Retrieving web site content in the Linux command line

The easiest way to get the contents of a web page, or more precisely, its HTML code, is a command of the form:

curl HOST

HOST can be a website address (URL) or an IP address. In fact, curl supports many different protocols - but here we are talking about web sites.

Example:

curl https://miloserdov.org

It is good practice to enclose URLs (web site and page addressed) in single or double quotes, since these addresses can contain special characters that have particular meaning for Bash. Such symbols include the ampersand (&), hash (#), and others.

In order to assign the received data to a variable on the command line, you can use the following construction:

HTMLCode="$(curl https://hackware.ru/)"
echo "$HTMLCode"

Here:

  • HTMLCode is the name of the variable (note that when you assign (even second time) the variable name is written without the dollar sign ($), and when you use the variable, the dollar sign is always written.
  • ="$(COMMAND)" is the construction of a COMMAND without outputting the result to the console; the result of the command is assigned to a variable. Note that neither before nor after the character equals (=) there are no spaces - this is important, otherwise there will be an error.

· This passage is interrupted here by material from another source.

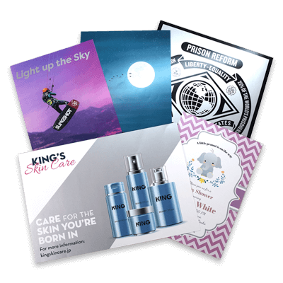 メタリックカラー×ハイエンド向けプロダクションプリンターで、10〜最大1000枚のチラシを色鮮やかに仕上げて日本全国に発送いたします。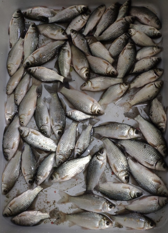 到钓点时人还没去几个,我还是选择了老钓位,冬天还是不要轻易换位置,老钓点可能会有很多鱼知道这里有吃的,长期聚集在附近。开的饵料腥饵和香饵各占一半,这个温度我还是不建议太腥,上次我多加腥就引来很多小杂鱼,等再降温估计腥饵就好用了。饵料开好后要放到旁边多醒一会,天冷出丝慢,这里我建议拉丝粉多加一点,不然不像夏天出丝那么好,冬天拉饵对于钓小鲫鱼来说效果会好很多,拉的不好影响鱼获。在醒饵的时间可以准备鱼竿和线,这样可以节省时间。线组还是0.8+0.4的,漂选择吃铅1.0的芦苇漂。

Also the resulting content of the web page is often piped for processing in other commands:

COMMAND1 | COMMAND2 | COMMAND3

Real examples are given below.

Disabling statistics when using cURL

When you piped the received content (|), you will see that the curl command displays statistics about the speed, time, and amount of data transferred:

To disable statistics output, use the -s option, for example:

curl -s https://miloserdov.org

Automatically follow redirects with cURL

You can instruct cURL to follow the redirects, i.e. open the next page.

For example, if I try to open the site as follows (note HTTP instead of HTTPS):

curl http://hackware.ru/

That I will get:

<!DOCTYPE HTML PUBLIC "-//IETF//DTD HTML 2.0//EN">
<html><head>
<title>302 Found</title>
</head><body>
<h1>Found</h1>
<p>The document has moved <a href="https://hackware.ru/">here</a>.</p>
</body></html>

To enable curl to redirect, use the -L option:

curl -L http://hackware.ru/

User Agent spoofing when using cURL

The remote server sees which program is trying to connect to it: it is a web browser, or a web crawler, or something else. By default, cURL passes something like "curl/7.58.0" as User-Agent. Therefore, a server sees that it is not a web browser that connects, but a console utility.

Some websites do not want to show anything to console utilities, for example, if with the usual request:

curl URL

You do not see the contents of the website (you may receive an access denied or ‘bad bot’ message), but when you open your web browser, you can see the page, then we need to apply the -A option, it let us specify any custom user-agent, for example:

curl -A 'Mozilla/5.0 (Windows NT 10.0; Win64; x64) AppleWebKit/537.36 (KHTML, like Gecko) Chrome/64.0.3282.140 Safari/537.36' URL

Receiving web pages with compression using cURL

Sometimes when you use cURL, a warning is displayed:

Warning: Binary output can mess up your terminal. Use "--output -" to tell
Warning: curl to output it to your terminal anyway, or consider "--output
Warning: <FILE>" to save to a file.

It can be seen, for example, when you try to get a page from kali.org,

curl https://www.kali.org/

The essence of the message is that the curl command will output binary data that can lead to a mess in your terminal. We are offered to use the option "--output -" (note the hyphen after the word output - it means standard output, i.e., displaying binary data in the terminal), or save the output to a file like this: "--output <FILE>".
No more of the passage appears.